Pokalkater gibt's nicht - Rot-Weiss Essen gewinnt in Düsseldorf mit 3:2

Essens Daniel Grebe gegen den Düsseldorfer Christian Weber.
Essens Daniel Grebe gegen den Düsseldorfer Christian Weber.
Foto: Imago
Was wir bereits wissen
Die Rot-Weissen haben den Titel im Verbandspokal natürlich ausgiebigst gefeiert. Eine zünftige Sause wurde es, keine Frage. Doch am Sonntag war auch wieder Pflichtprogramm mit dem vorletzten Regionalliga-Auftritt in dieser Saison bei Fortuna Düsseldorf II.

Düsseldorf.. Die Rot-Weissen haben den Titel im Verbandspokal natürlich ausgiebigst gefeiert. Eine zünftige Sause wurde es, keine Frage. Doch am Sonntag war auch wieder Pflichtprogramm mit dem vorletzten Regionalliga-Auftritt in dieser Saison bei Fortuna Düsseldorf II. Und da haben die „Feierbiester“ von der Hafenstraße mit Anstand abgewickelt und verdient gewonnen. Sie haben damit Platz fünf in der Regionalliga sicher, Rang vier wäre noch denkbar, denn RWO ist nur ein Punkt entfernt. Aber das ist ja wirklich nur noch eine Marginalie. „Trotzdem, wird sind Profis und wollen jedes Spiel gewinnen“, sagte RWE-Trainer Markus Reiter nach dem Schlusspfiff. „Es hätte mich schon geärgert, wenn wir heute hier verloren hätten.“

Pokalfinale Natürlich hatte Reiter seine Mannschaft nicht nach Promille-Zahl aufgestellt, gleichwohl musste er einige Umstellungen vornehmen. Patrick Huckle, Philipp Zeiger und Benjamin Baier blieben angeschlagen draußen, dafür bekamen Mario Neunaber und Tim Hermes, der RWE nach der Saison verlassen wird, eine Chance in der Defensive, Mittelfeldspieler Tim Treude war ebenso neu in der Startelf wie Kevin Freiberger, Tobias Steffen und Sven Kreyer.
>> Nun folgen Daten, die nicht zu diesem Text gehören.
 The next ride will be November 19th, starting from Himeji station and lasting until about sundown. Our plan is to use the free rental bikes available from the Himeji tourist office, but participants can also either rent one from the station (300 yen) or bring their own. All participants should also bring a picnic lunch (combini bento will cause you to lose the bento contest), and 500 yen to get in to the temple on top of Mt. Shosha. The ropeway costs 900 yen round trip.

Reiter: "Am Ende ansehnlich bis gut"

Die Gäste kamen nur schwer in die Gänge. „Am Ende war es dann ansehnlich bis gut“, urteilte Trainer Reiter. Obwohl es anfangs ruckelte, die Fortuna besser spielte und gefährlicher war, erzielte Essen die Führung. Nach einem Solo scheiterte Freiberger am Düsseldorfer Keeper Heller, doch Kreyer hatte ein Näschen und stand richtig. Nach einem Freistoß verlängerte Goralski aber zum 1:1. Ein Abstimmungsproblem zwischen Neunaber und Weber nutzte Rüzgar zum 1:2.
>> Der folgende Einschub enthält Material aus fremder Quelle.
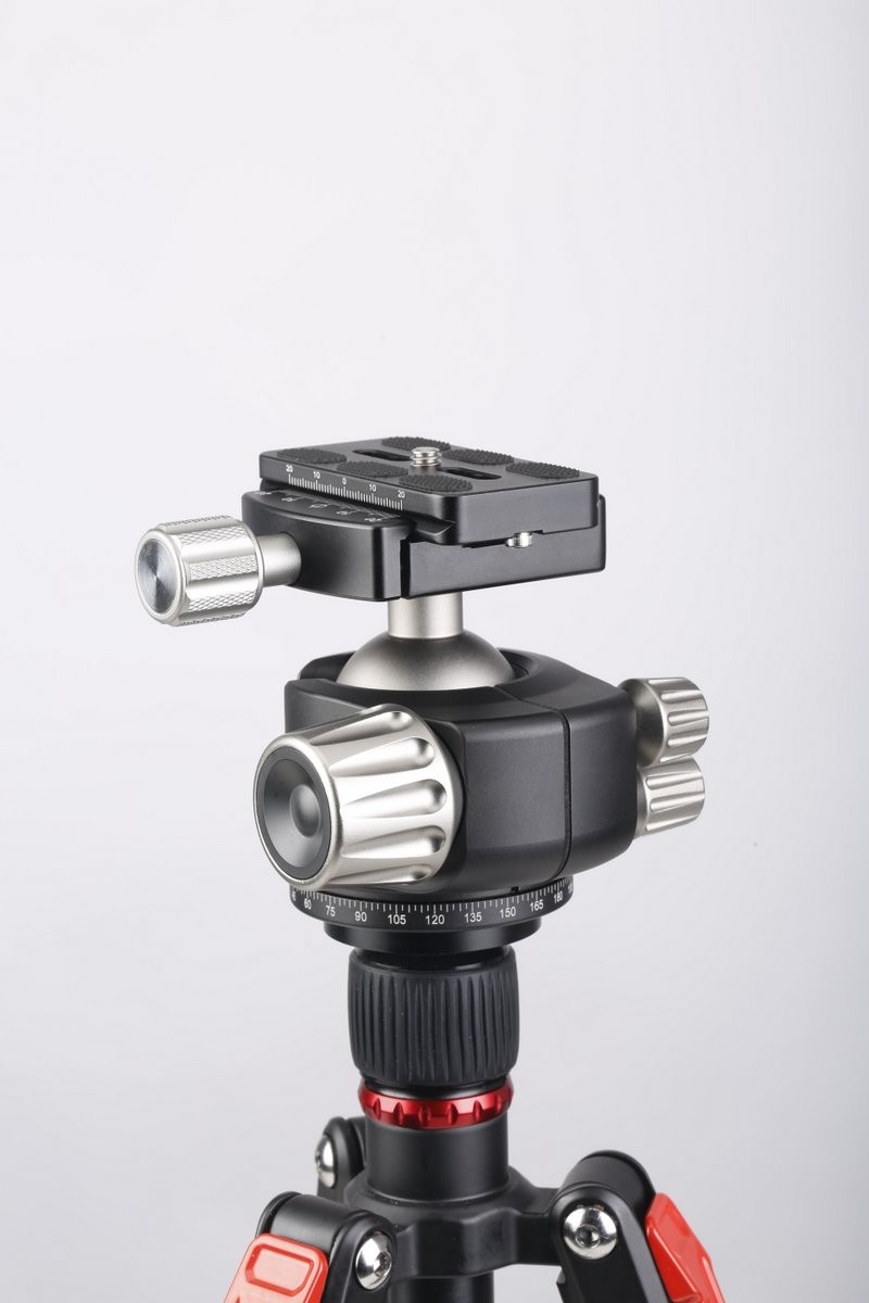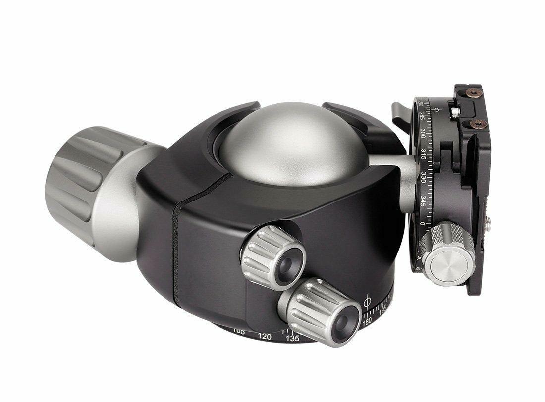 Leofoto LH-40 to nisko profilowa aluminiowa głowica kulowa wyposażona w system szybkiego zwalniania kompatybilny z ArcaSwiss. Precyzyjnie wykonana kula z pustym rdzeniem zapewnia ultra płynną pracę a duże ergonomiczne pokrętła blokujące umożliwia pełną i szczegółową kontrolę nad głowicą. Pomiędzy kulą a misą zastosowano tuleję Delrin która skutecznie minimalizuje współczynnik tarcia. Głowica wyposażona jest w duże pokrętło, które służy do panoramowania (360 stopni). Umożliwia ono również pochylenie aparatu o 90 stopni w dwóch kierunkach w przypadku fotografii portretowej. LH-40 posiada także dwa niezależne pokrętła blokady panoramy i kontroli oporu – pozwalające na jeszcze precyzyjniejsze ustawienie kompozycji kadru. Wszystkie pokrętła posiadają uszczelki które chronią wnętrze przed dostaniem się kurzu i wilgoci do wewnątrz. Specyfikacja: - Średnica kuli: 40 mm - Średnica podstawy: 57 mm - Otwór montażowy: 3/8” - Maksymalne obciążenie: 20 kg - Waga: 496 g

Pokalfinale „Das hat uns dann wach gerüttelt, danach haben wir mehr investiert und konzentrierter agiert“, fand Markus Reiter. Daniel Grebe und Leon Binder per Kopf besorgten schließlich die Führung, die letztlich zum verdienten Sieg reichte.
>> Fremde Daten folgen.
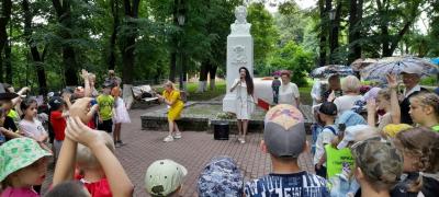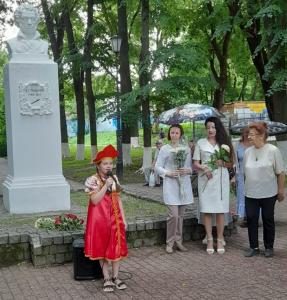 Праздник состоялся в центре города, несмотря на дождь, в сквере А.С.Пушкина у бюста поэта.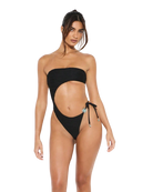 INFO: A classic all-black asymmetrical monokini with sleek fabric and side detailing with strapless/bandeau upper portion. Featuring cheeky bikini coverage at the back and a high-cut front for a flattering, timeless look.
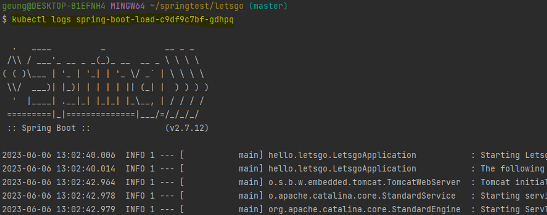 - kubeclt logs [pod name] 으로 실행 중인 spring boot application log를 확인할 수 있다.

Die beiden Youngster Marco Beier und Lucas Arenz kamen nach langer Zeit mal wieder zum Einsatz und machten ihre Sache ordentlich. Nicht wirklich überzeugen konnte hingegen Tobias Steffen. „Es ist aber auch schwierig, eine gute Leistung abzurufen, wenn man sich mal wieder beweisen soll“, so Reiter.

  • Fort. Düsseldorf II - Rot-Weiss Essen 2:3 (1:1)

  • RWE: Heimann - Dombrowka - Neunaber, Weber (63. Beier), Hermes (54.Arenz) - Binder, Treude - Freiberger, Grund, Steffen (46.Grebe) - Kreyer

  • Tore: 0:1 Kreyer (26.), 1:1 Goralski (40.), 2:1 Rüzgar (56.), 2:2 Grebe (69.), 2:3 Binder (77.)

  • Schiedsrichter: Stegemann (Niederkassel).